ABOUT THIS EXERCISE
When you reach the line with "A formal western" in the records below, begin transcribing exactly and continue up to and including the line with "Refresh availabilityHermès Light", leaving out every picture.

WORKING DATA
========================================================================
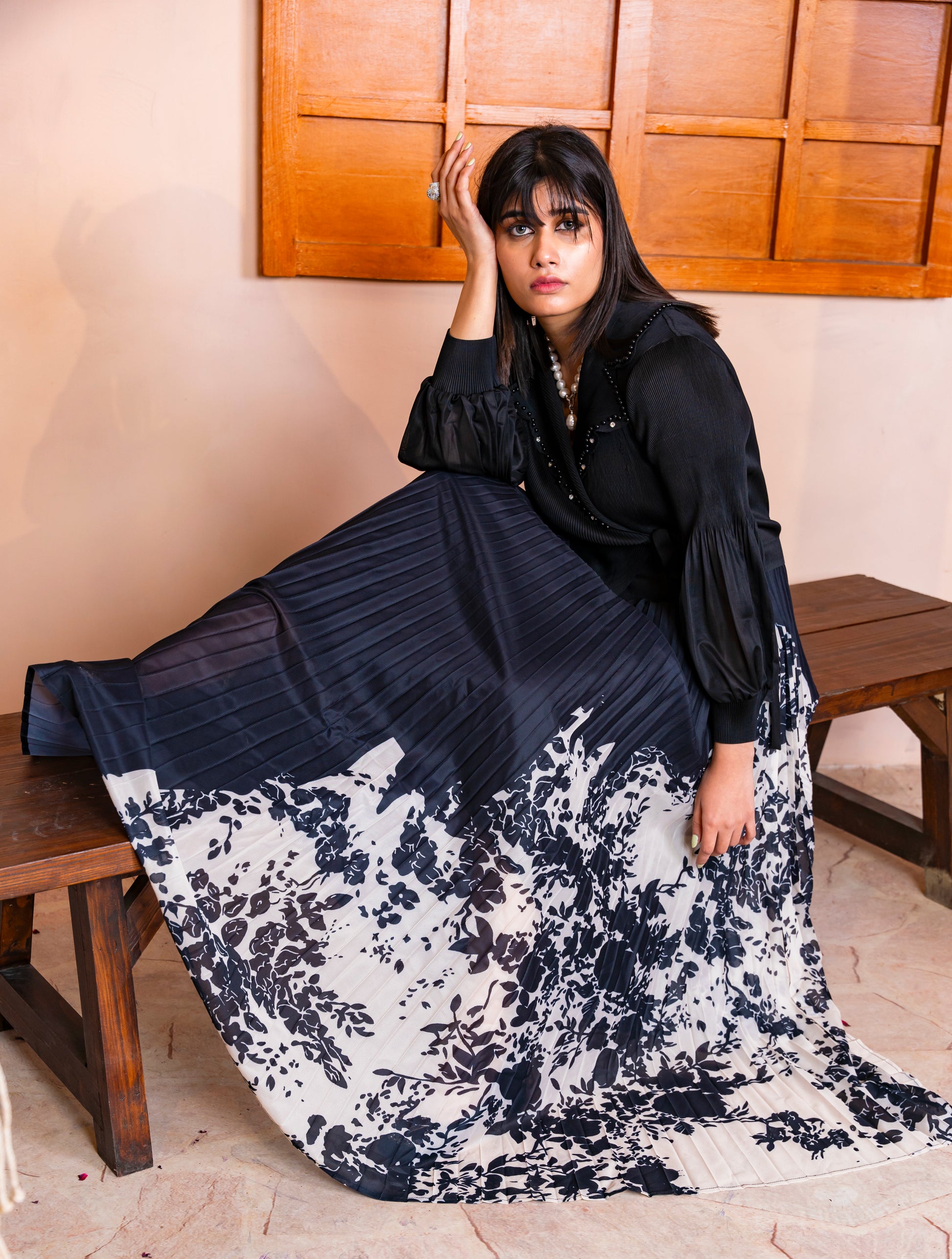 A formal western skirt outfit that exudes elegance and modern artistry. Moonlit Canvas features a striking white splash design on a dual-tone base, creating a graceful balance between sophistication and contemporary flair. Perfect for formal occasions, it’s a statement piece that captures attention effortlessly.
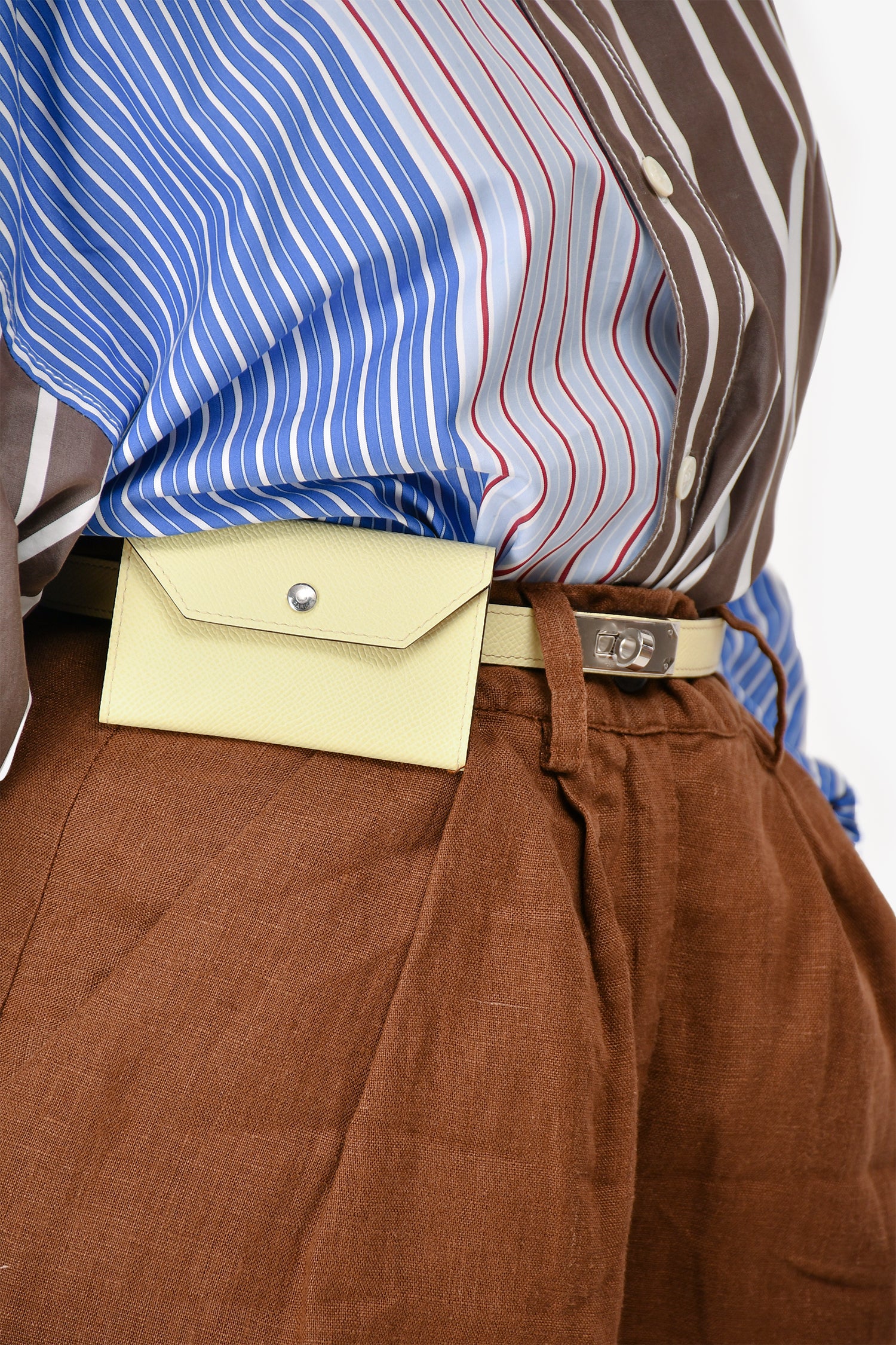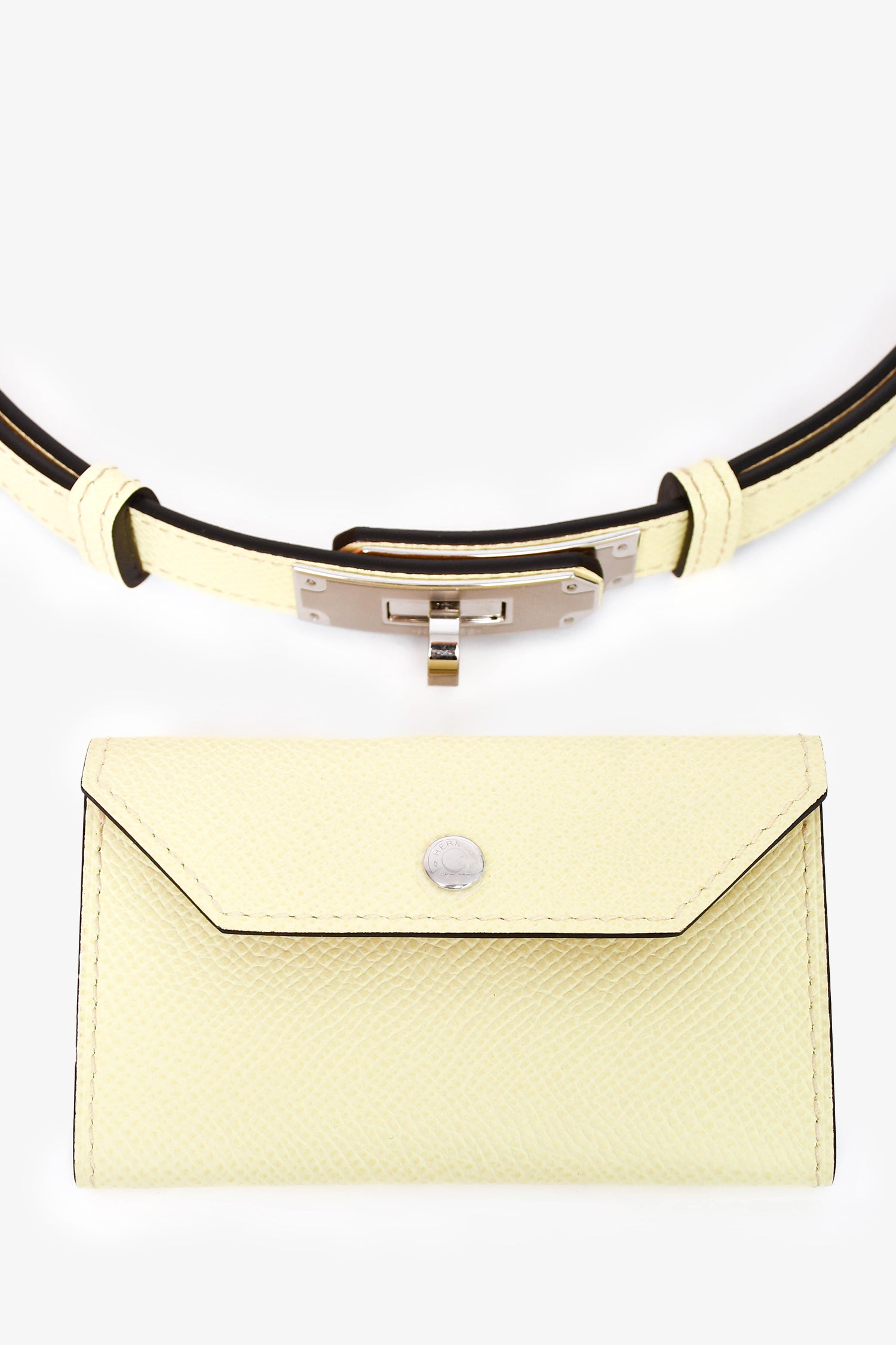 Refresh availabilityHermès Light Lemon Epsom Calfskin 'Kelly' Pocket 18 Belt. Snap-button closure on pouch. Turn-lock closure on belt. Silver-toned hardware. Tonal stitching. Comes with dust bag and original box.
========================================================================
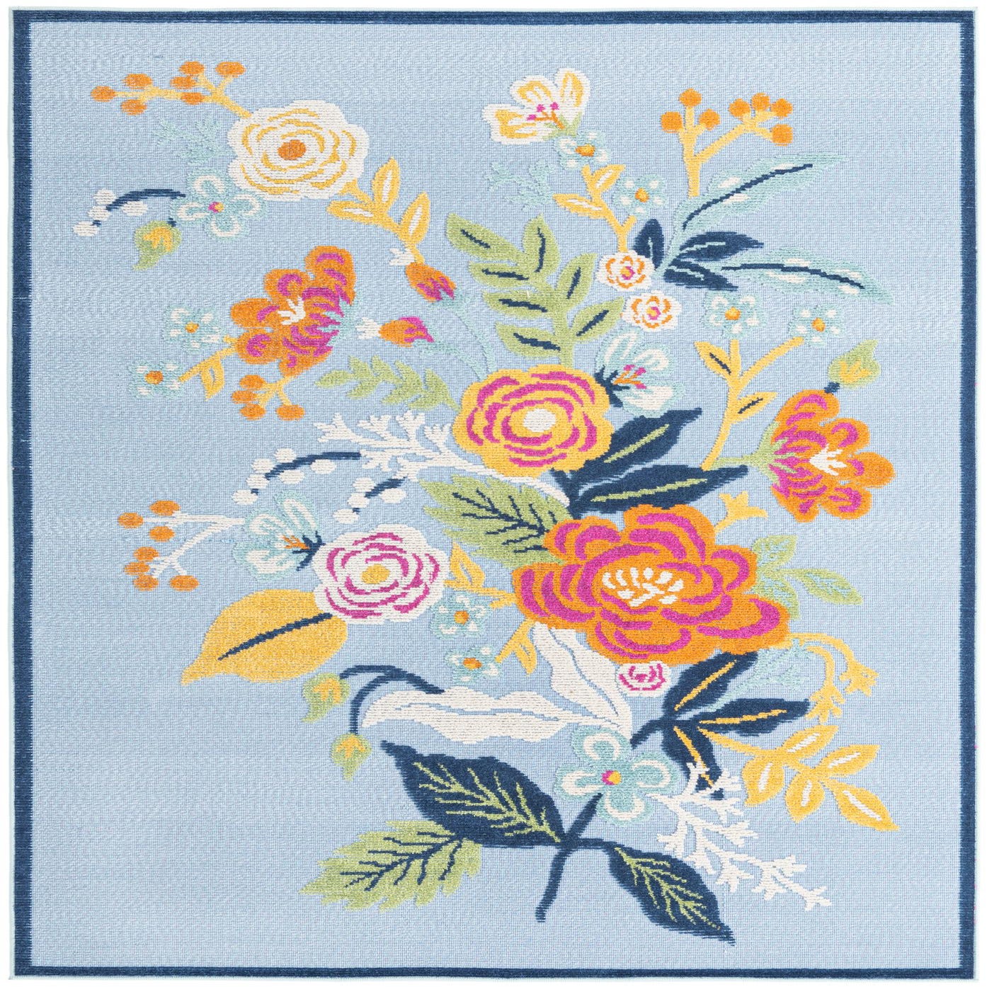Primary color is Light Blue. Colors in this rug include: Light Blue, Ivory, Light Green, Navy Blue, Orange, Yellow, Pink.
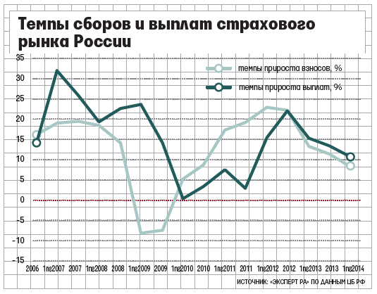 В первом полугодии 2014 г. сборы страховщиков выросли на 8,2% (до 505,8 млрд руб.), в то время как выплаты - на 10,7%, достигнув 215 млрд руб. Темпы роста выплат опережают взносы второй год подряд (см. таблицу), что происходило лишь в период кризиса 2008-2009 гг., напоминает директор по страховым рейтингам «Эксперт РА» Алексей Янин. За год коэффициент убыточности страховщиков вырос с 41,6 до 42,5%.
========================================================================
ANSWER
 A formal western skirt outfit that exudes elegance and modern artistry. Moonlit Canvas features a striking white splash design on a dual-tone base, creating a graceful balance between sophistication and contemporary flair. Perfect for formal occasions, it’s a statement piece that captures attention effortlessly.
 Refresh availabilityHermès Light Lemon Epsom Calfskin 'Kelly' Pocket 18 Belt. Snap-button closure on pouch. Turn-lock closure on belt. Silver-toned hardware. Tonal stitching. Comes with dust bag and original box.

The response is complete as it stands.